Now that practices and hospitals have largely adopted EHRs, there is a big push to connect them.  The ability for healthcare organizations to access data from disparate systems is more important than ever.  Access to a patient’s complete record at any location they are seen will enable healthcare providers to leverage their data in order to gather new insights.  These insights will lead to the development of new strategies for improving care.  Nearly all of CIOs, CTOs, and IT managers know that integration is a top priority.  When surveyed in 2012, 90% of respondents answered that integration is a main concern and is critical to success.  Healthcare integration is at an all-time high as government incentives have created a race towards meaningful use money. Over 40% of healthcare organizations responded that they achieved Meaningful Use stage 1 from this 2012 report. (corehealthtechnologies.com)

Core Health Technologies conducted an “HL7 Interface Technology” survey in 2012 in order to gather information on where we were as an industry with healthcare interface integration and where we are headed.  The survey asked CIOs, CTOs, IT Managers, and HL7 Professionals questions about interface technology.  The data was collected, “…during a 14 day period in August 2012 through their website…over 1,350 individuals participated in [the] survey.  All participants lived and worked in the United States and [were] employed by healthcare organizations, predominantly providers, using HL7 interfaces.” (corehealthtechnologies.com)

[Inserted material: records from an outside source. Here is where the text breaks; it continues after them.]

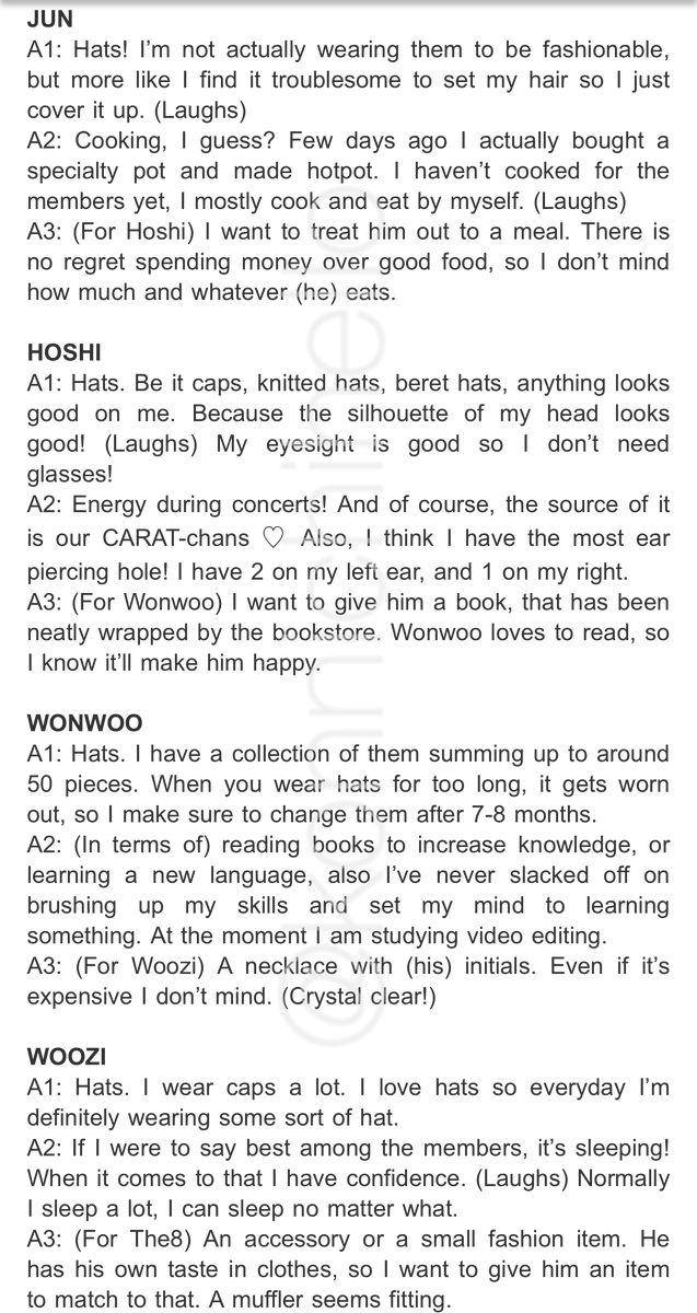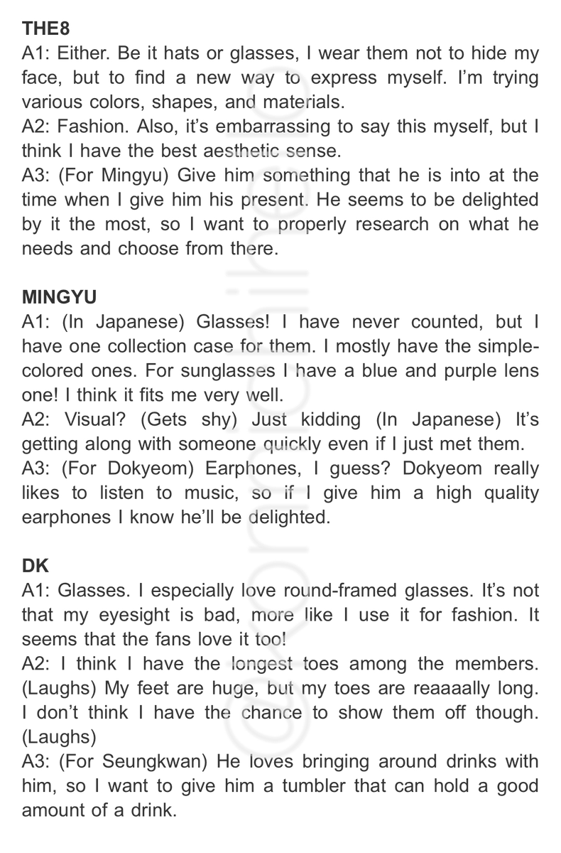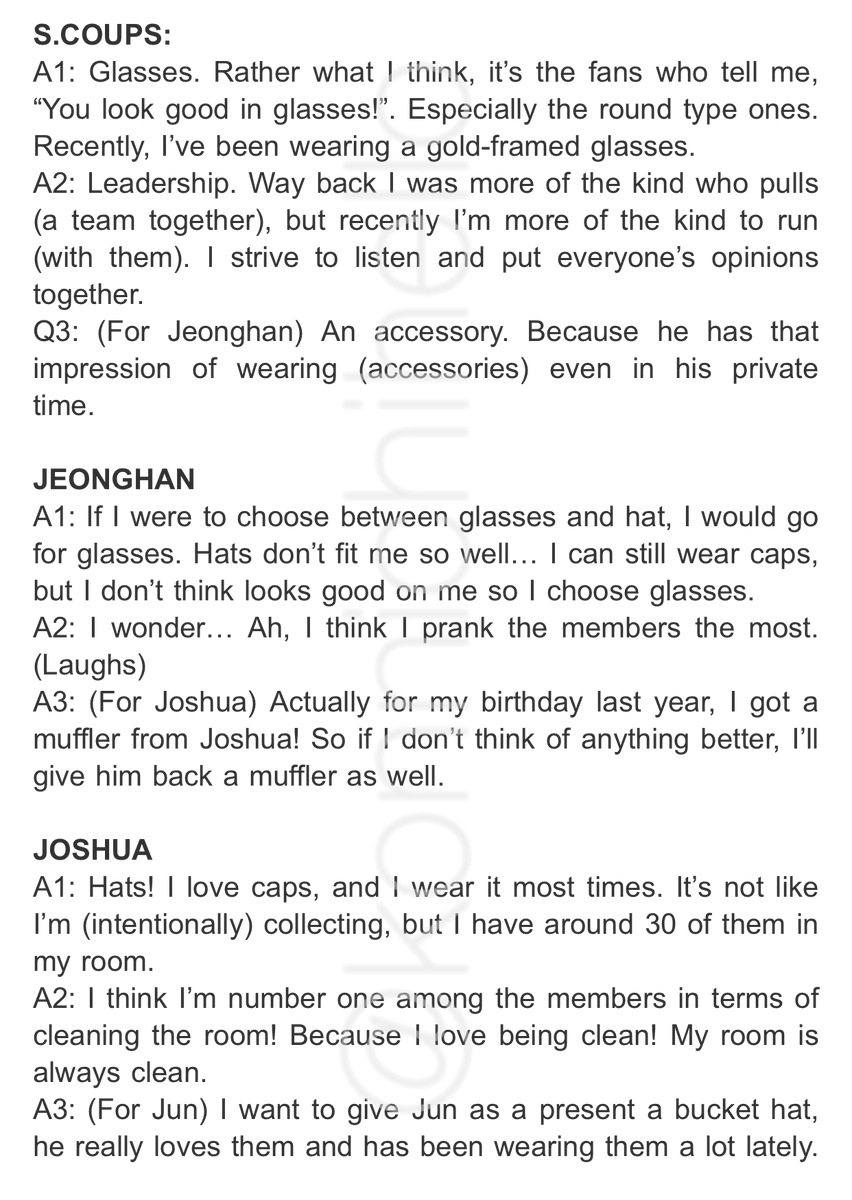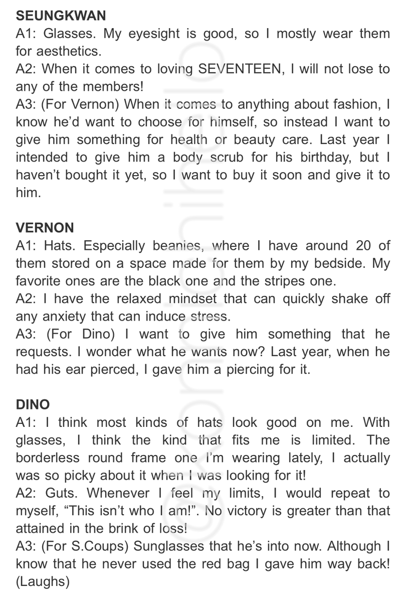 (TRANSLATIONS) SEVENTEEN A/NAN QUESTION Q1: Which fits you better, glasses or hat? Q2: Within SEVENTEEN, what do you think are you best in/at? Q3: For this member, what do you want to give on their birthday? (Sorry, no photos because the official magazine posted restrictions)pic.twitter.com/ywMR36fp6G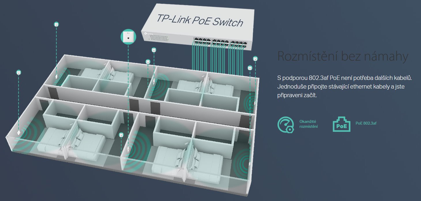 Podpora napájení přes ethernet (PoE, 802.3af) pro pohodlnou a cenově dostupnou instalaci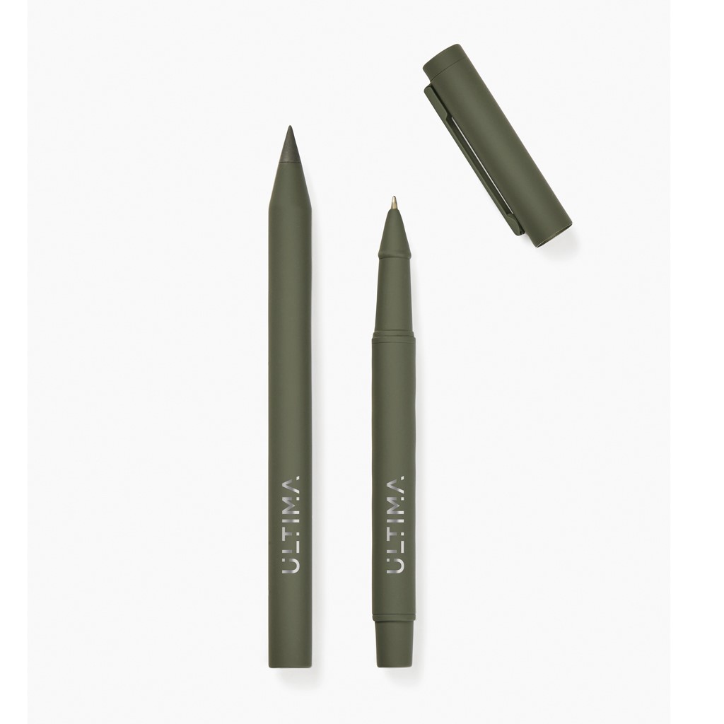 Ovaj moderan i elegantan set olovaka uključuje dvije olovke: vječnu olovku i klasičnu kemijsku olovku s poklopcem i kopčom. Dizajnirane za stil i funkcionalnost, ove olovke izrađene su od recikliranog nehrđajućeg čelika s RCS certifikatom, s gumenom površinskom prevlakom za udoban zahvat i mat završnom obradom. Obje olovke imaju uravnoteženu težinu koja osigurava stabilnost i pisanje bez napora.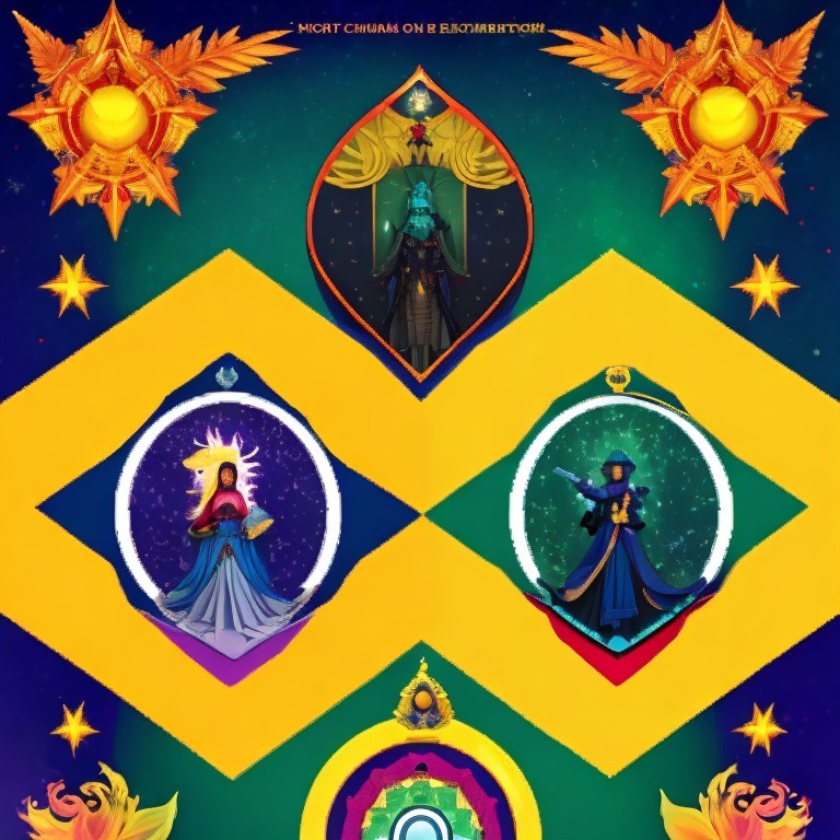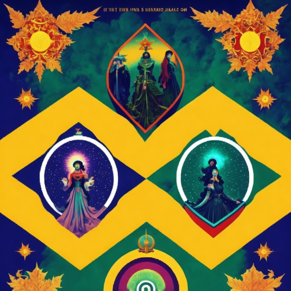 Prompt: kitsch poster of the Five Seasons: Chaos, Discord, Confusion, Bureaucracy, and The Aftermath. Hail Eris! All hail Discordia! #fnord #elektrodada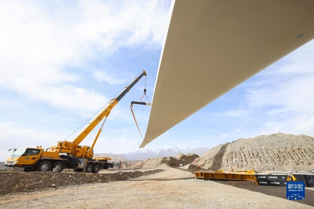 在新疆克孜勒蘇柯爾克孜自治州烏恰縣,風(fēng)機(jī)葉輪提升至相應(yīng)高度后與機(jī)艙對(duì)接(4月21日攝)。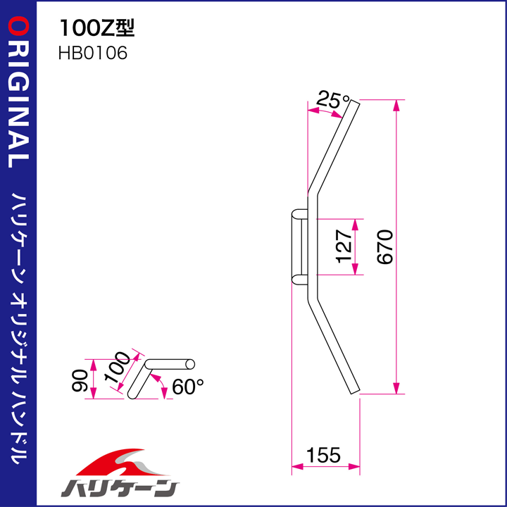 100Z型 ハンドルセット クロームメッキ HURRICANE(ハリケーン) GB250(クラブマン)90〜94年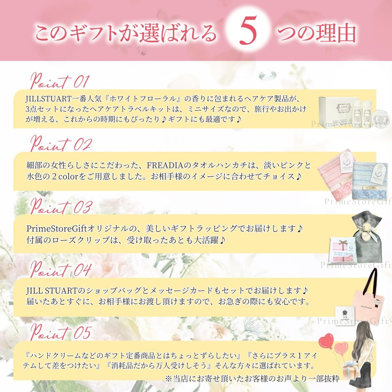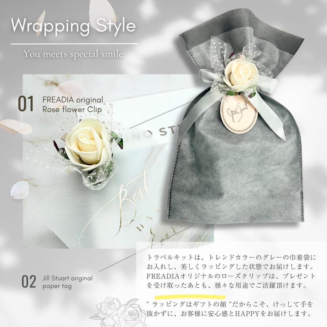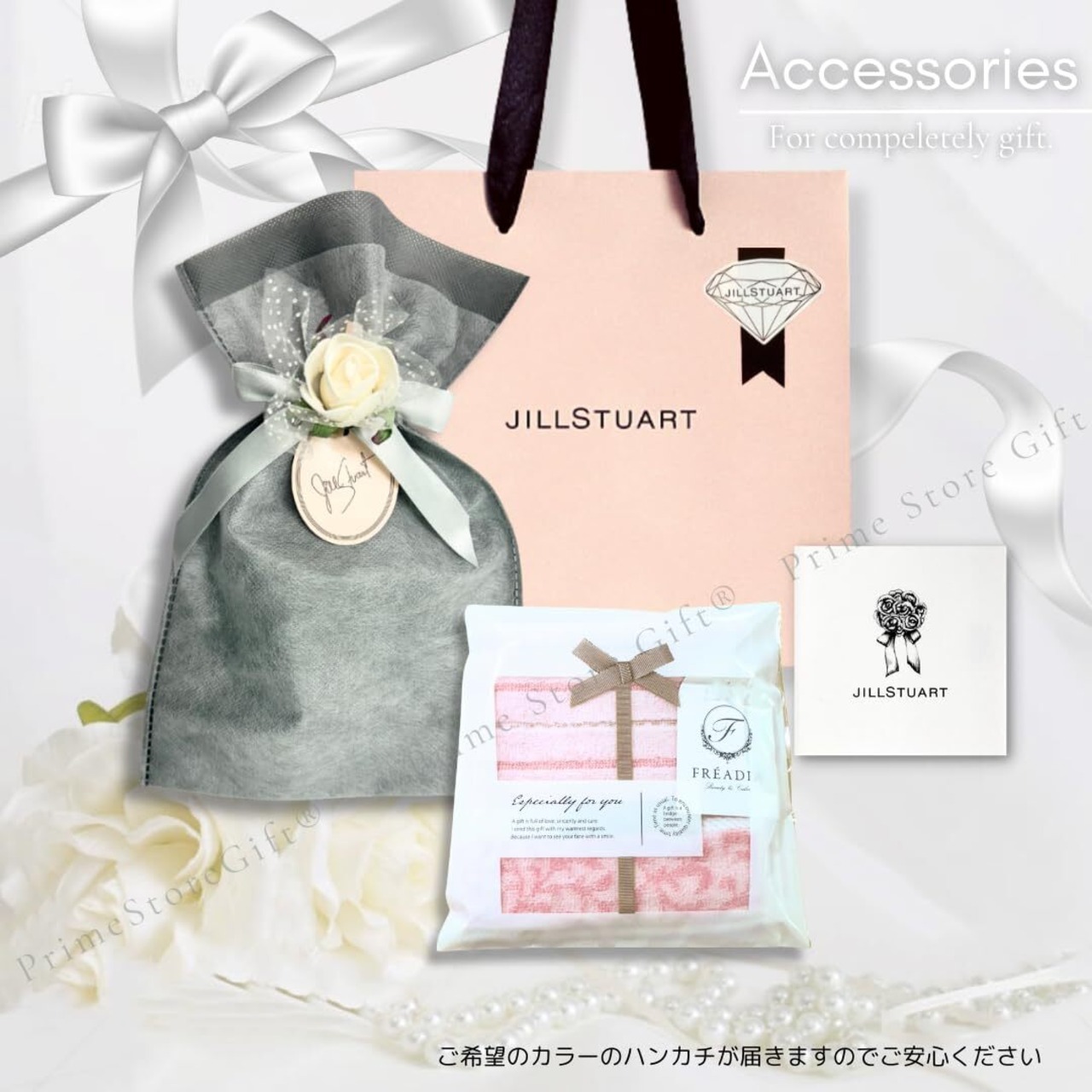 ️【当ギフトセットについて】JILLSTUART一番人気『ホワイトフローラル』の香りに包まれるヘアケア製品が 3点セットになったヘアケアトラベルキット、FREADIAの大人可愛いハンカチをセットにし、エレガントなラッピングで仕上げたギフトセットです

Corepoint Technologies drew some powerful insights from their 2012 survey.  While the report is a couple of years old, it still gives a high-level picture of the challenges that healthcare IT face in tackling interoperability.  The first thing to notice when reading the report is that there are a wide variety of interface engines being used throughout the healthcare IT market.  Having so many different solutions can be a positive in that it creates competition (competition means the consumer wins), but when every healthcare organization is using a different piece of software, it can be difficult to be on the same page.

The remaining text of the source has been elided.